Jimmy scoffed and said, “I don’t think you’d kill someone in the dark, I think you’d do it with everyone watching, plus you have absolutely no reason to kill Snips, I don’t think you even knew the guy,”

“Which is EXACTLY why I’d kill him!” Jacob stated “Who are you to judge me! I’ll kill whoever I want when I want!... Except for Sweetie Belle.” Sweetie Belle then smiled brightly and moved by his side

With that Jimmy started pacing the room and yelled “Absolutely none of you have an actual motive to kill Snips, but that doesn’t mean you aren’t suspects!”

“Best we can do is find the murder weapon, I doubt it just disappeared.” Rarity replied.

“THAT’S JUST WHAT THE MURDERER WOULD SAY” screamed Jacob, aiming at Rarity with his MP40.

“... Actually no, it’s a pretty good idea that we look for it.” Jimmy said. With that the group set off to search for a murder weapon. After discovering that Trixie not only had a sex dungeon but also kept a fucking shrine to Tom Hanks, the group discovered a broken pipe on top of Trixie’s bed.

“A murder weapon, in your room Trixie? I’m putting you back on the suspects list!” Jacob said sternly.

“Just because It’s in Trixie’s bedroom does not mean Trixie did it, you all saw Trixie wooing Jimmy with her amazing body, Trixie did not do this! Why would Trixie kill Trixie’s own butler? He cleans Trixie’s rooms and polishes Trixie’s Tom Hanks sculpture, why would Trixie kill off Snips for that?” Trixie nervously explained.

Jimmy said “Well someone must’ve done it, who’d have motive to kill Snips? Rainbow? She’s too stupid to know how to wield a pipe let alone kill someone with it. Jacob? He’d fucking tell everyone that he did it. Twilight’s, well, Twilight.
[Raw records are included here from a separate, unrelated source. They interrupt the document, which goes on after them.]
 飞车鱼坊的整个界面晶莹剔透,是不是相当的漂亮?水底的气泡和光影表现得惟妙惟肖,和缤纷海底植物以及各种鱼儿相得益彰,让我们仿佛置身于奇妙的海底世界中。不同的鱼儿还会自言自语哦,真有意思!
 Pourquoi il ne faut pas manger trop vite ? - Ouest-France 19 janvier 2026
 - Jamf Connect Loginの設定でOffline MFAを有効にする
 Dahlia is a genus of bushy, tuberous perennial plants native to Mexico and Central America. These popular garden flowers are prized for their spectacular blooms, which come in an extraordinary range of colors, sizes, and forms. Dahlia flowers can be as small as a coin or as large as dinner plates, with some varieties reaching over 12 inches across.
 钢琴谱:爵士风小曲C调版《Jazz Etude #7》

Pinkie’s harmless as a fly, plus she has not a single motive to do such a thing to Snips.”

“Madam Trixie do you want your pot brownies now or is it a bad time?” Snails asked entering the room. Just then, the lights went out again! And again there was a squeak, the sounds of a struggle, but no scream. The lights then flickered back on, revealing Trixie trying to make out with Jacob, with a simple shove she fell to the floor. However, Snails was wielding the very same pipe on the bed with his magic, trying to swing at Jimmy with it.

“She’s MINE! And I don’t like her loving up on you like she was EARLIER!” Snails screamed. Jimmy quickly disarmed him, and stabbed him in the chest with the Butter Knife of Humility!
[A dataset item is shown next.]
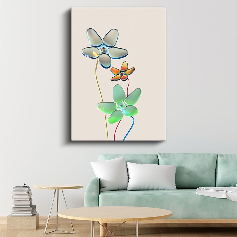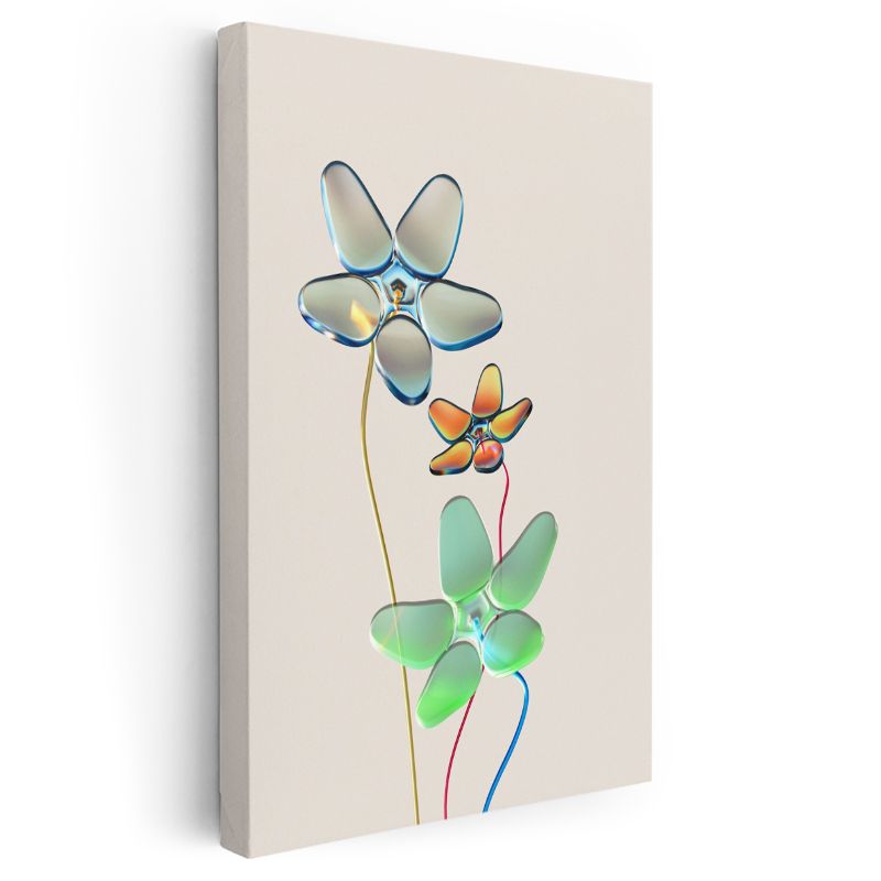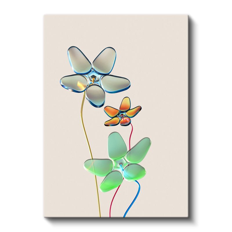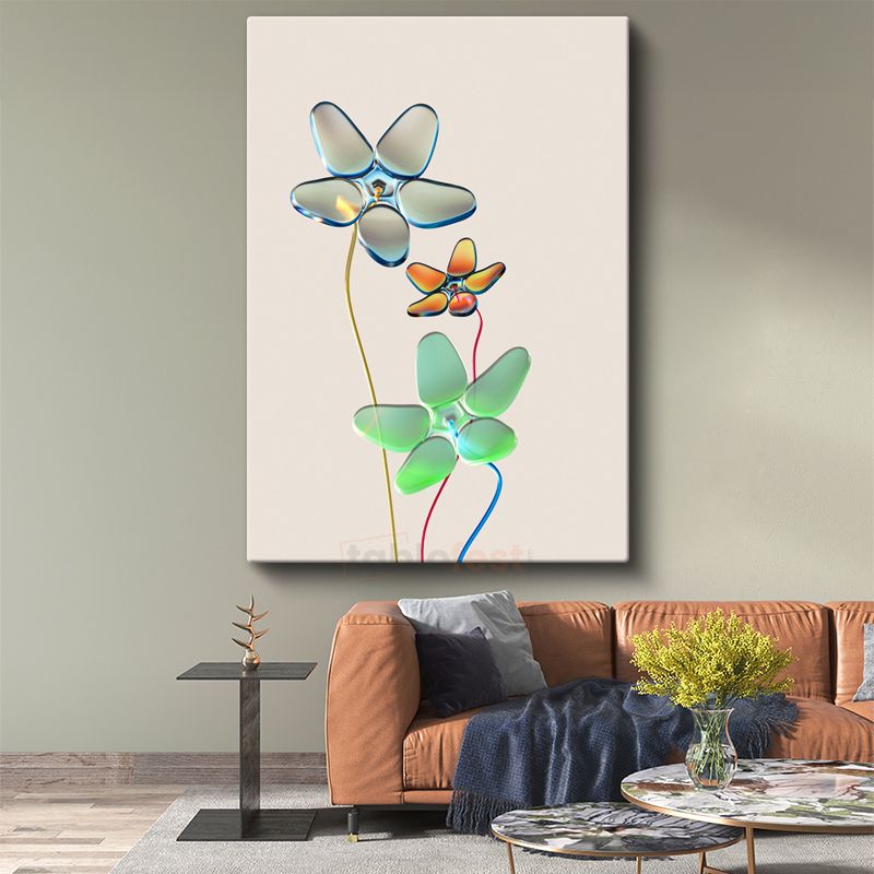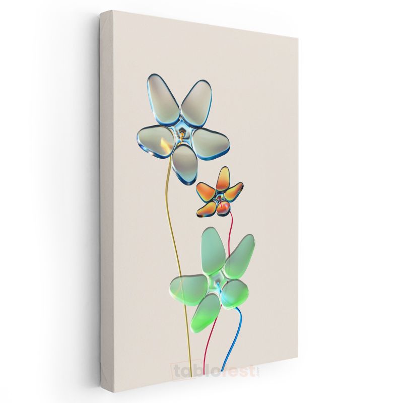 Kristal Çiçekler - Şeffaf Cam Efektli Minimalist Kompozisyon Kanvas Tablo

“AHA!” Jacob shouted, “It was the BUTLER with the LEAD PIPE in the DINING ROOM! I FUCKING KNEW IT ALL ALONG!... Okay I didn’t but HOLY FUCK!”

Snails then gasped desperately for air, he looked to Trixie, and said, “I did this… all for… you.”

Trixie, looking sad, replied, “... Eww.” (... I mistook sadness for disgust). And with that, Snails was dead. The group then gave them a proper burial… well they threw them in the backyard of Trixie's mansion then left.. They then wandered back to Ponyville and returned home. Trixie pretty much just left the mansion and moved in with Jimmy, not telling him she did of course (That was a fun morning). Jacob decided that the mansion was his true home and soon returned to live and work beside the Tom Hanks Shrine. Twilight, completely happy that Jacob isn’t in her library, soon burnt the couch that Jacob lounged naked on. And they lived happily ever after…. Until our NEXT story!